Green Articles

Two seminars to focus on building green housing
Sessions to be held at UNO, Loyola

By John Pope : Times-Picayune : February 25, 2008

"Sustainable construction," a buzzword for sturdy, eco-friendly building practices, has become big news since Hurricane Katrina -- so big that two local universities are offering seminars on the subject.

The first will be tonight at 6 in Room 122 of Kirschman Hall at the University of New Orleans. The second session will be held March 13 at 12:30 p.m. in Loyola University's Roussel Hall.

Ed Blakely, New Orleans' recovery czar, and Charles Allen III, assistant director of the Tulane/Xavier Center for Bioenvironmental Research, will be at tonight's forum, along with Peter Newman, professor of sustainability at Curtin University of Technology in Western Australia.

This meeting, the second annual forum on the topic, will be free and open to the public.

The Loyola symposium will feature panel discussions, a performance of an original composition by the ensemble from the university's Thelonious Monk Institute of Jazz and a field trip to a house in the Holy Cross neighborhood that exemplifies sustainable construction.

Admission is free to Loyola students, faculty and staff and members of AIGA, a sponsor of the event. Admission for anyone else is $20 for the entire session or $10 for the panel discussions.

Dillard choir to perform

Dillard University's Concert Choir starts its spring tour Tuesday in Los Angeles with a medley of pop and folk songs, classical works and spirituals.

The choir, directed by S. Carver Davenport, usually does a multicity tour, but this year's trip, which will run through March 4, will be exclusively in the Los Angeles area.

More information on the tour is available at www.dillard.edu.

Law professor to lecture

Arthur Miller, a New York University law professor who is an expert on copyright and privacy law and civil procedure, will deliver this year's Gauthier Lecture Tuesday at 5 p.m. in Room 110 of Tulane University's Weinmann Hall, 6329 Freret St., which houses the law school.

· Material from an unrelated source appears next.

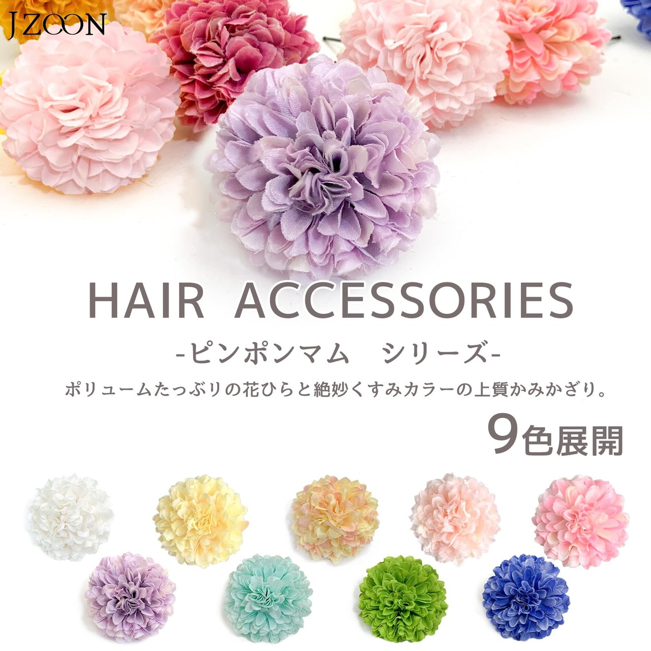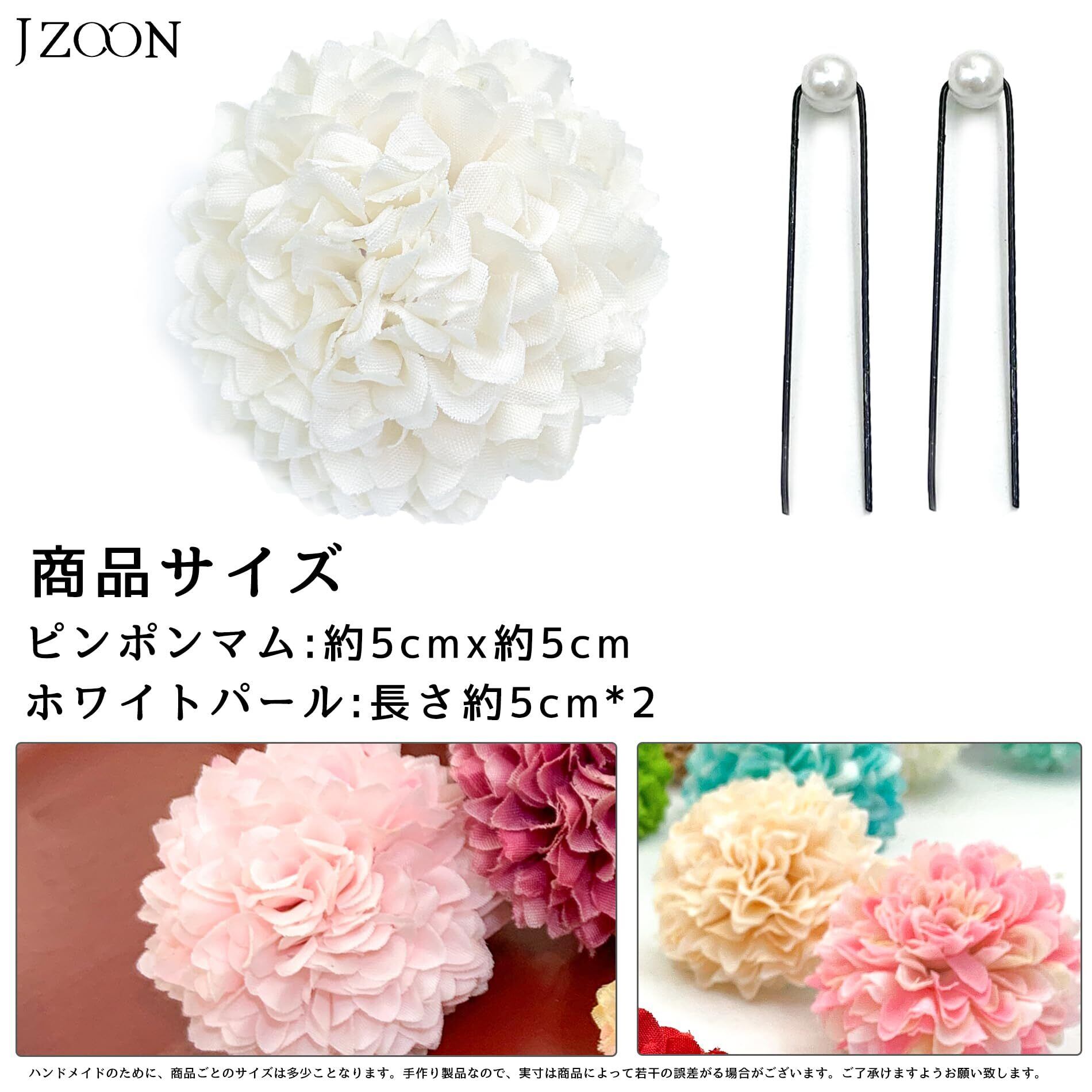 髪飾り 浴衣 成人式 振袖 袴 直径約5cm 花 赤 青 緑 白 黄 桃 紫 橙 水色 藤 ピンポンマム 普通サイズ 髪飾り Uピン カラフル 袴 夏祭り 花火大会 花飾り 白 PP001
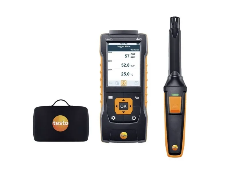 Testo 440 CO2-sæt med Bluetooth® Sæt til måling af CO2-koncentration, luftfugtighed og lufttemperatur og til vurdering af indeklima i kontorer, produktionslokaler eller på lageret. Testo 440 sæt indeholder et klima-måleapparat testo 440 samt CO₂-sonde med Bluetooth inkl. Temperatur- og fugtigheds-sensor. Til sættet medfølger et passende kombi-kuffert!

The topic of his lecture, which will be free and open to the public, is "The Litigation Explosion -- Myth or Reality?" Miller had taught at Harvard Law School from 1971 until he moved to NYU last year. He also has taught at the University of Michigan and he is the former legal editor of "Good Morning, America."

Slave trade discussed

A daylong workshop about the British slave trade will be held Tuesday from 9:30 a.m. to 4 p.m. in Room 128 of UNO's Bicentennial Education Center.

Participants include Wolfgang Zach, Ulrich Pallua, Adrian Knapp and Cynthia Rauth of the University of Innsbruck; Rosanne Adderley of Vanderbilt University; and Mary Niall Mitchell, Raphael Cassimere Jr. and Joe Louis Caldwell of UNO.

The free symposium is presented by UNO's CenterAustria.

Genocide lecture at UNO

The Armenian Genocide, in which about 1.5 million people were killed during and shortly after World War I, will be the subject of a lecture Wednesday at 1 p.m. at UNO.

Taner Alçam, a historian who is a visiting professor at the University of Minnesota's Center for Holocaust and Genocide Studies, will speak in Room 407, the Douglas Hitt Room, of the Earl K. Long Library.

The massacre happened in the waning days of the Ottoman Empire. Turkey, the successor state of the empire, has refused to use the term genocide in referring to the event. Alçam, the author of "The Armenian Matter Has Been Handled," has been described as the first Turkish scholar to use the word.

Political pollster

A political pollster and analyst, Silas Lee, will discuss the 2008 presidential election and its possible effects Thursday at 6 p.m. at Xavier University.

Lee, who also is a sociology professor at Xavier, will speak in Room 105 of the NCF Science Complex. His lecture will be free and open to the public.

In the interest of full disclosure, Lee is working on Sen. Hillary Clinton's presidential campaign.

For more information, call the Sociology Department, (504) 520-5423.

Focus on Caribbean culture

A three-day conference on Caribbean culture that will embrace such topics as music, food and religion will start Thursday.

The meeting is sponsored by Tulane's Cuban and Caribbean Studies Institute. Most events will be at the Homewood Suites Hotel, 901 Poydras St., but a Friday night performance by Alina Troyano, a performance artist also known as Carmelita Tropicana, will be at Jonathan Ferrara Gallery, 400a Julia St.

Admission is $65 for graduate students and $125 for everyone else. People may register by visiting cuba.tulane.edu and clicking "Events."

A risky business

Ian Bremmer, a political risk consultant, will speak Friday at Tulane on "Global Political Risk: The United States and the World in 2008."

Bremmer, who has focused his research on emerging markets, will speak at 7 p.m. in Cudd Hall.

His speech, which will be free and open to the public, is on the last day of Political Science Week, a series of discussions and talks starting Tuesday. More information is available at www.tulane.edu/(DIAMOND)polisci.